While data curation offers a promising lens for improving fairness, accountability, and transparency in machine learning, applying curation principles in ML is not straightforward. Machine learning researchers often work in a model-focused environment, while data curation brings a lifecycle view that asks how data are maintained, contextualized, documented, preserved, and made usable over time.
These findings show why the work matters. If ML researchers struggle to apply standard data curation principles, then responsible AI requires more than adding a checklist at the end of a project. It requires training, collaboration, shared vocabulary, and new expectations for what rigorous data work looks like.
Evaluating structured documentation as a tool for reflexivity in dataset development
In her most recent publication, co-authored with Ciara Zogheib and Professor Christoph Becker, Eshta examines documentation frameworks such as datasheets, data statements, and dataset nutrition labels. These frameworks are designed to make dataset development more transparent by asking creators to describe where data came from, how it was collected, what it contains, how it should be used, and what risks it might pose.
But Eshta and her co-authors ask a more difficult question: does documentation actually prompt reflexivity? Their answer is nuanced. Documentation can make dataset development more visible. It can help researchers explain what they did. But transparency is not the same thing as reflexivity. Reflexivity requires deeper engagement with the assumptions, values, power relations, histories, institutional conditions, and social positions that shape research decisions. Put simply: transparency asks what happened. Reflexivity asks why it happened that way, who shaped the process, what assumptions guided it, and what consequences might follow.

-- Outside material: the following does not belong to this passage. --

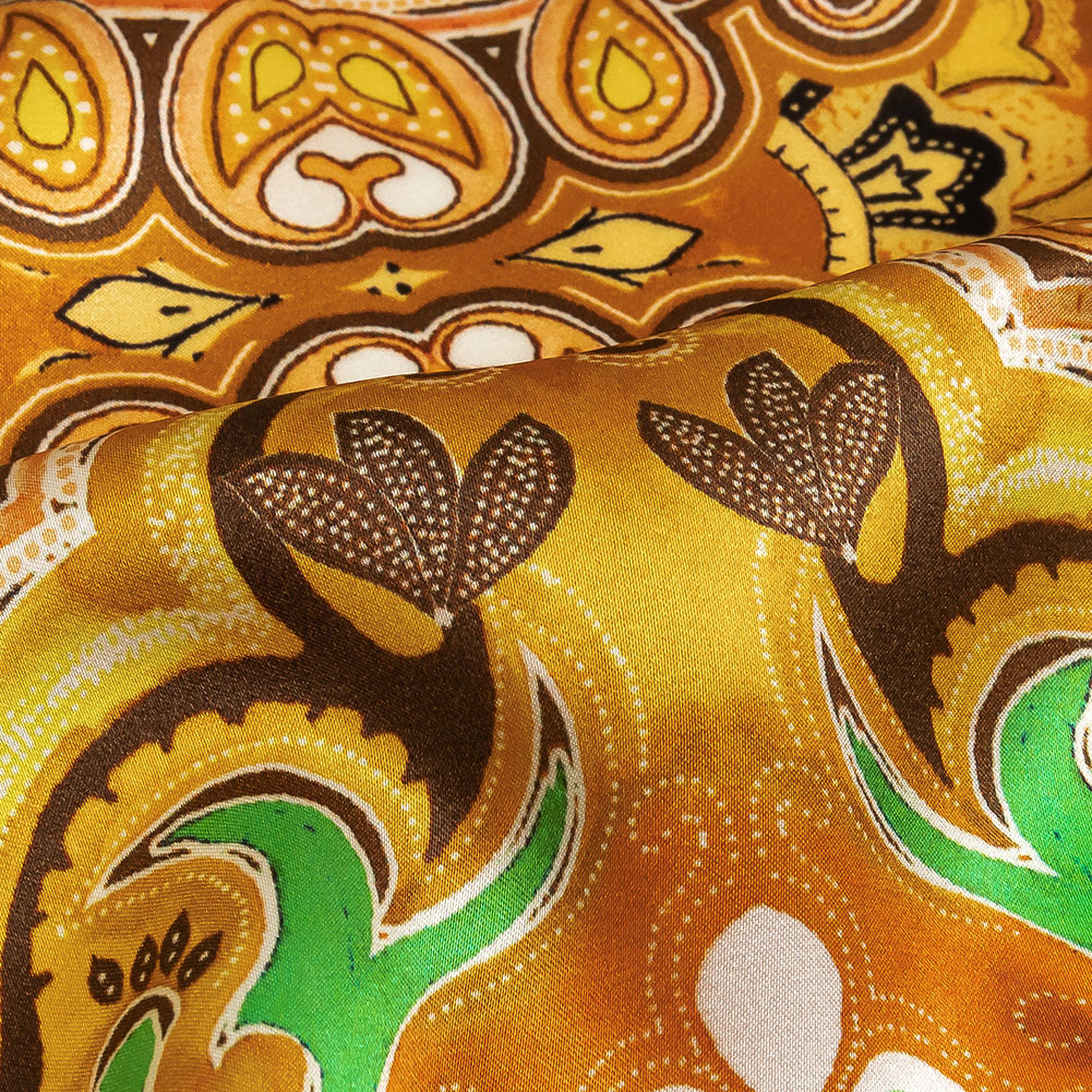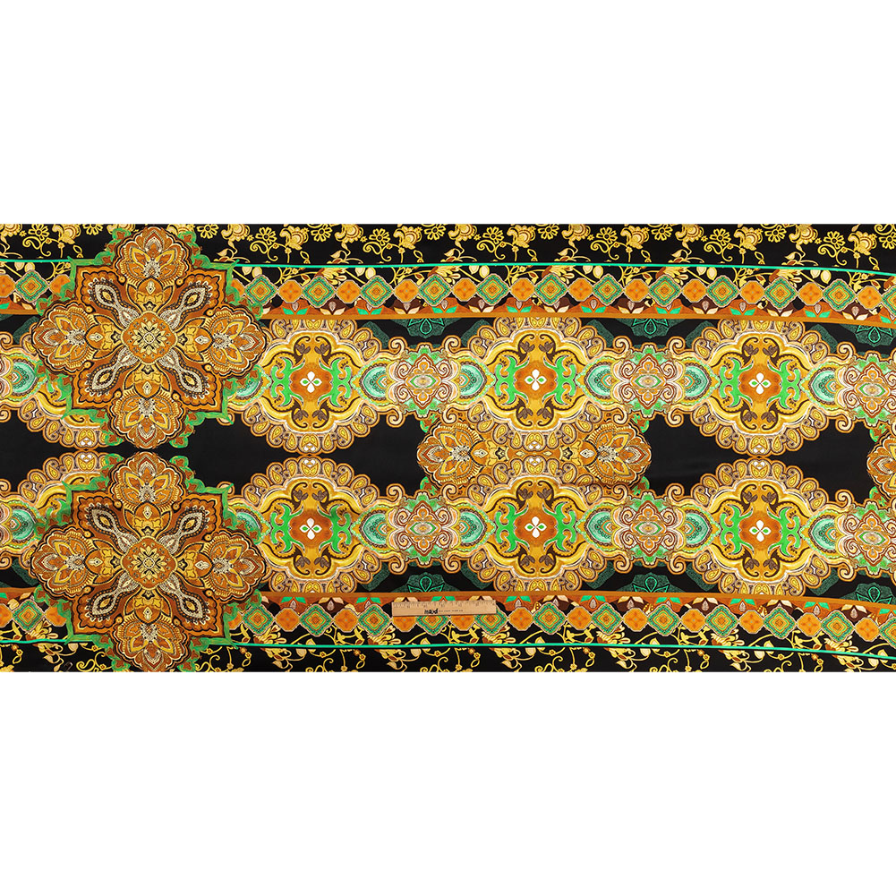 Mood Exclusive Italian Black, Gold and Green Floral Tile Silk Charmeuse

AI scaling, sustainability, and the limits of growth
Eshta’s research also moves beyond individual datasets to examine the broader systems that shape AI development. In “Limits to AI Growth: The Ecological and Social Consequences of Scaling,” with Professor Christoph Becker, Eshta studies the accelerating development and deployment of AI through the lens of scaling. The paper reviews AI growth across four interrelated dimensions: technical, economic, environmental, and social. AI depends on increasing levels of capital investment, infrastructure, data, and natural resources, producing financial, environmental, and social costs. It asks a pointed question: How can we characterize the dynamics of AI growth to identify and analyze its limits? To answer it, Eshta and Becker use system dynamics concepts, including the “limits to growth” archetype, to understand how technical scaling, investment cycles, competitive pressure, AI hype, infrastructure development, and ecological consequences interact.

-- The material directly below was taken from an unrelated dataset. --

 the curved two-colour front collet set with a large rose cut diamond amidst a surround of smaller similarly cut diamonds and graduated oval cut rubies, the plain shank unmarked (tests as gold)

Bringing research into the classroom
In Caring for Datasets, Eshta Bhardwaj brings these research questions into the classroom. The workshop frames care for datasets not as a softer alternative to technical rigour, but as a way of practicing it. It invites students, researchers, and practitioners to slow down and ask better questions about provenance, context, documentation, accountability, power, reuse, sustainability, and responsibility. In doing so, it opens a space to think about responsible machine learning long before a model is trained.